Hay días, sólo algunos, en los que me levanto con esa sensación de que algo importante debería suceder. No me refiero a esa sensación premonitoria, como cuando presientes un accidente de tráfico o que álguien vaya a telefonearte por error.
La sensación de prever una llamada telefónica segundos antes de que se produzca siempre provoca un pequeño escalofrío, una corriente eléctrica desde el cuello hasta la cadera. Como cuado caminas con los ojos cerrados imaginando el cañón de un revólver apuntando a escasos centímetros de tu nuca. La sensación exacta que provoca que adores la vida como si de un milagro divino se tratase.
Pero aún con todo, no llega a ser la misma sensación.
Sólo yo puedo comprenderlo.
La presión atmosférica es la adecuada. La capa nubosa sobre el cielo de la ciudad está lo suficientemente compactada como para que las cargas eléctricas se alteren. La producción de dopamina y serotonina se ve alterada.

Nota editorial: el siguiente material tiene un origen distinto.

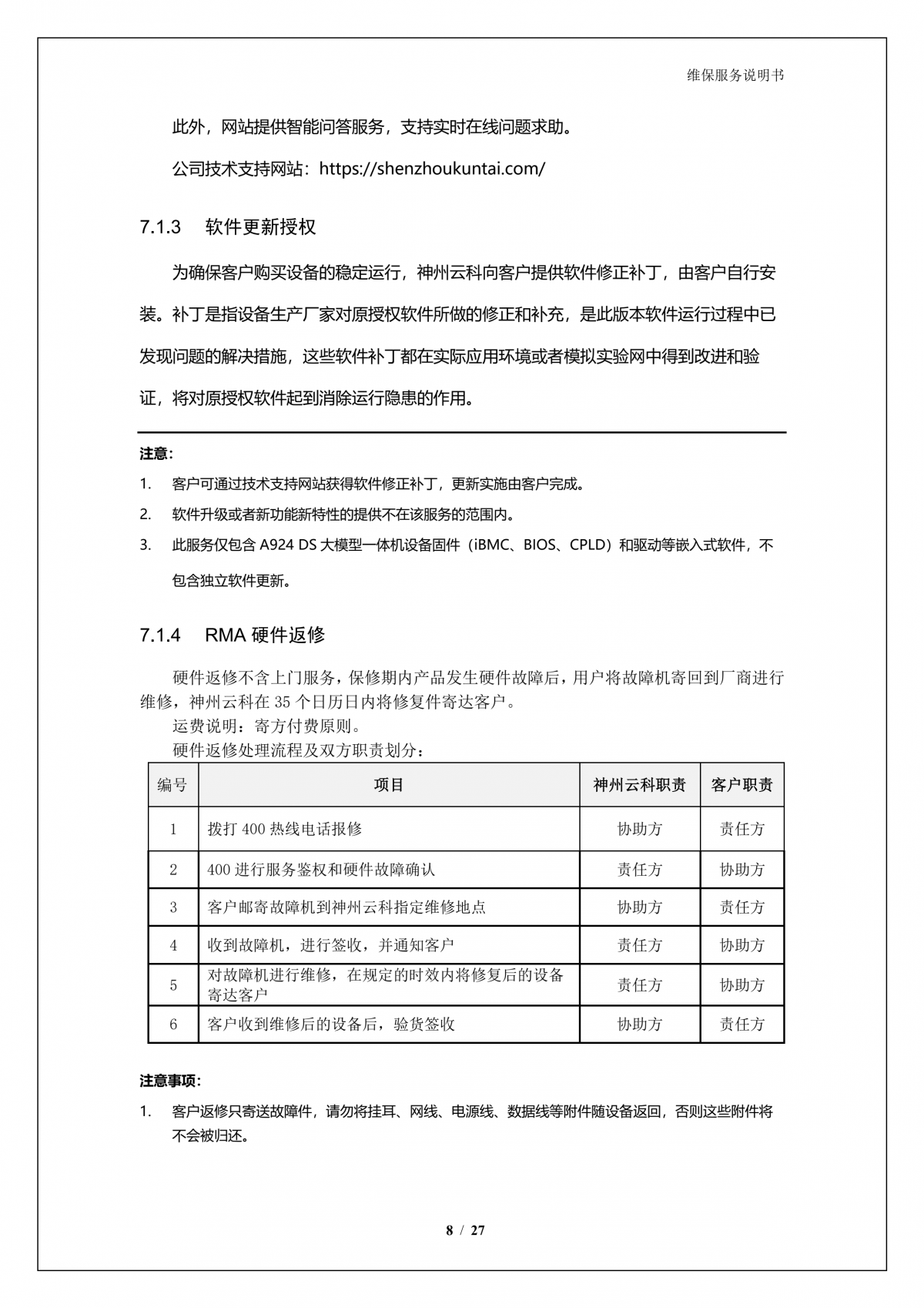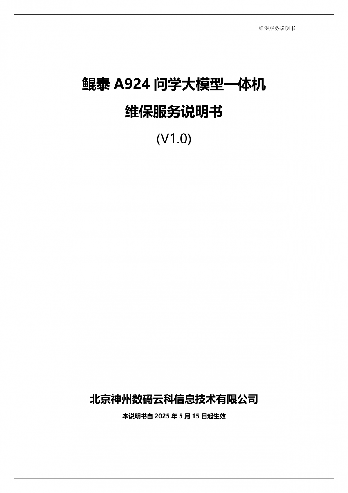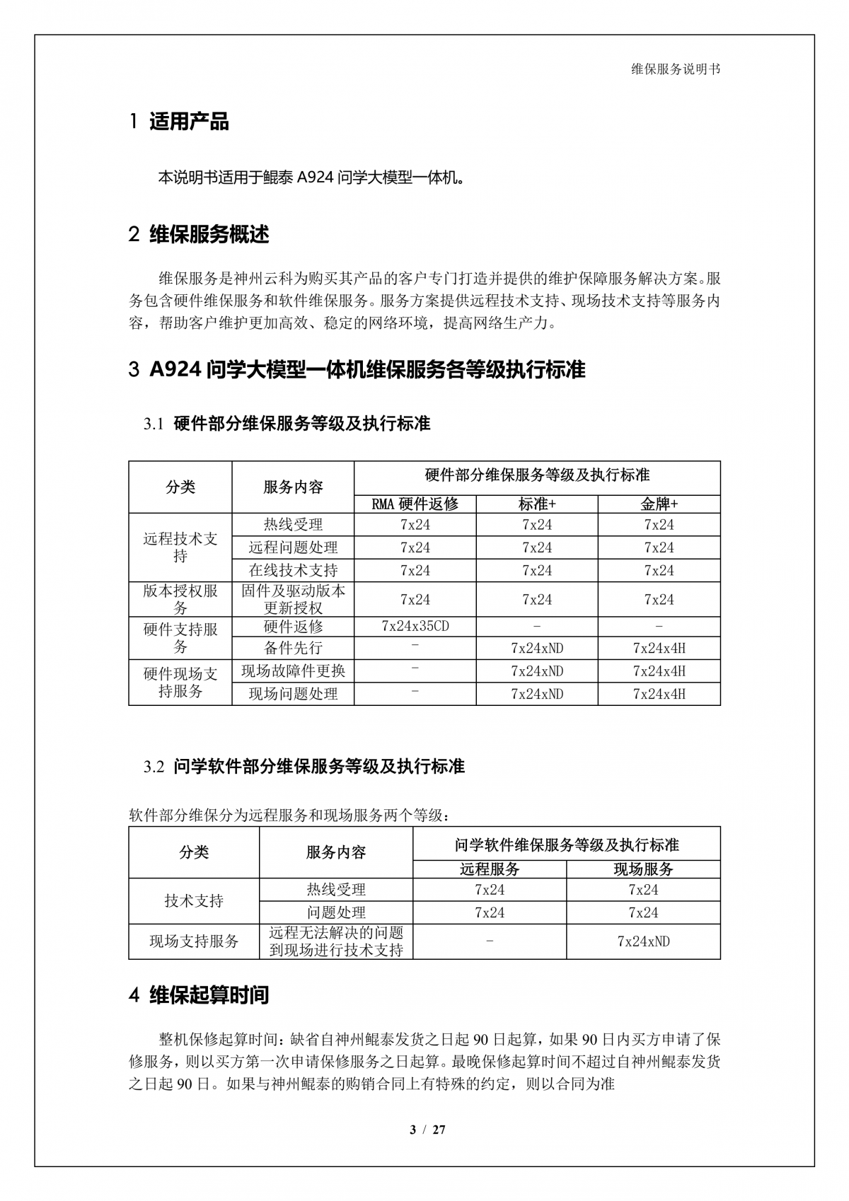 mg冰球突破(中国)A924 DS大模型一体机硬件维保服务说明书_V1.1

La música que llega a mis oidos, neutralizando cualquier ruido de la ciudad, me sumerge en mi propio mundo.
A + B + C = D
Y esto provoca que las cargas eléctricas de mis neuronas trabajen a marchas forzadas para calcular el momento o la posición de cada electrón del universo.
Soy un dios.
Soy Dios.
Los cuerpos sólidos se transforman en materia maleable como el estaño fundido y sé que puedo fluir con el entorno.
Te elevas.
Te elevas.
Más...
Los árboles crecen a velocidades vertiginosas, las calles se hunden y el asfalto fluye formando calles afluentes hacia grandes calles principales. Los pájaros forman nubes.
Y sé lo que va a suceder.
Tengo esa misma sensación de frío en la nuca. Ese momento de la mañana en que sé que la verdad absoluta reside en el valor Cero. Que el caos universal símplemente vale 1.
Y que soy el elegido para reestablecer estos valores.